To further complicate there is ADMIRER, who is not an option at all for me, only a friend-at-school, joke-around-and-spar person who has an unreciprocated crush (there were roses on Valentine's Day, that kind of uncomfortable thing). If he asks I will say no, but what reason will I give if I don't have another date yet? Saying no is extremely uncomfortable.

A final question or two: I have never been dateless for a dance... in fact, excluding the times when I was dating EX there was usually a surplus that had to be dealt with. It would be nice TO BE ASKED but really, from school there is only HOTGUY I would want to go with. Otherwise I'm destined to ask one of the graduates. My point is, I'm psyched to get an awesome dress and dance like a madwoman, but I don't know which guy would maximize the awesomeness of a night already destined to be fun by its very nature. Sentimentality with EX, tried-and-true comfort with GOODGUY, or the gamble of new and fun with HOTGUY? Any advice?

-- Can't Decide


Dear Can't,

THE EX: Risky. Given what you say, I don't trust that he'll actually come through, or that there won't be weirdness if he does.
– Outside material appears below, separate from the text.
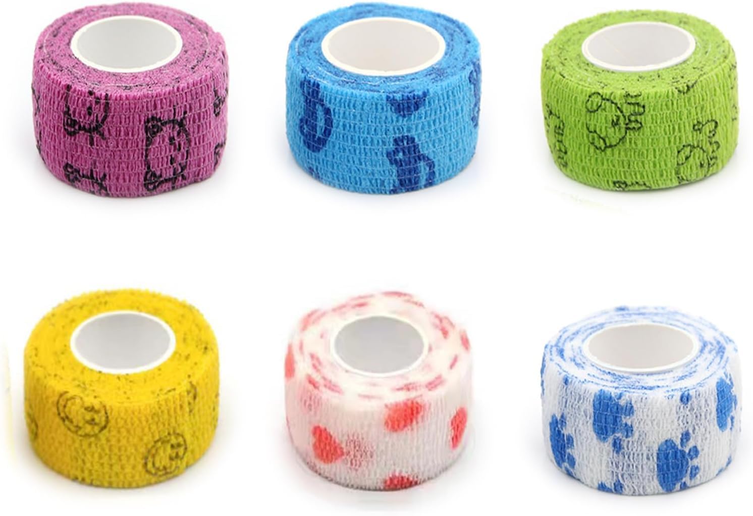ペットフレックス テーピング 粘着包帯 自着性伸縮包帯 テーピング バンテージ ペット 犬用 猫 動物用包帯 通気性 多機能 6巻入 2.5cm*4.5m (マルチカラー)

HOTGUY: (Well, now that I've taken them out of order, you know the winner, just like a pageant.) Risky. I would have said go with the gamble if you hadn't told me proms/dances aren't his scene. He might be adorable, quirky, and fun in his element, but will he be that way at prom? You don't want to have to attitude-sit, to have to fun-for-two.

GOODGUY: Since he doesn't know your friends as much, you give up the "fitting in with the memory" factor. But among these three, well, maybe I'm playing it safe, but he is your known quantity... as a Quality Date. Maybe not in with your friends, but down with hanging with them. Also, College Boy for a date?! Arm Candy factor=high. Just promise me this: that it won't be too painful for you that night to Date What You Can't Have. I guess I believe you when you say don't have a thing for him ... but, well, I just had to say it.

Anyway, it's pretty clear to that you're already going with RIGHTATTITUDE. Have a ball!

Love,
Breakup Girl

PS You don't need to fumble for a reason to say "no " to someone (say, ADMIRER). A simple warm, "Oh thanks so much ... but I'm going to say no thanks..." (followed by, admittedly, a brief awkward silence), is really fine. It's just an invitation; a "no" does not require an explanation.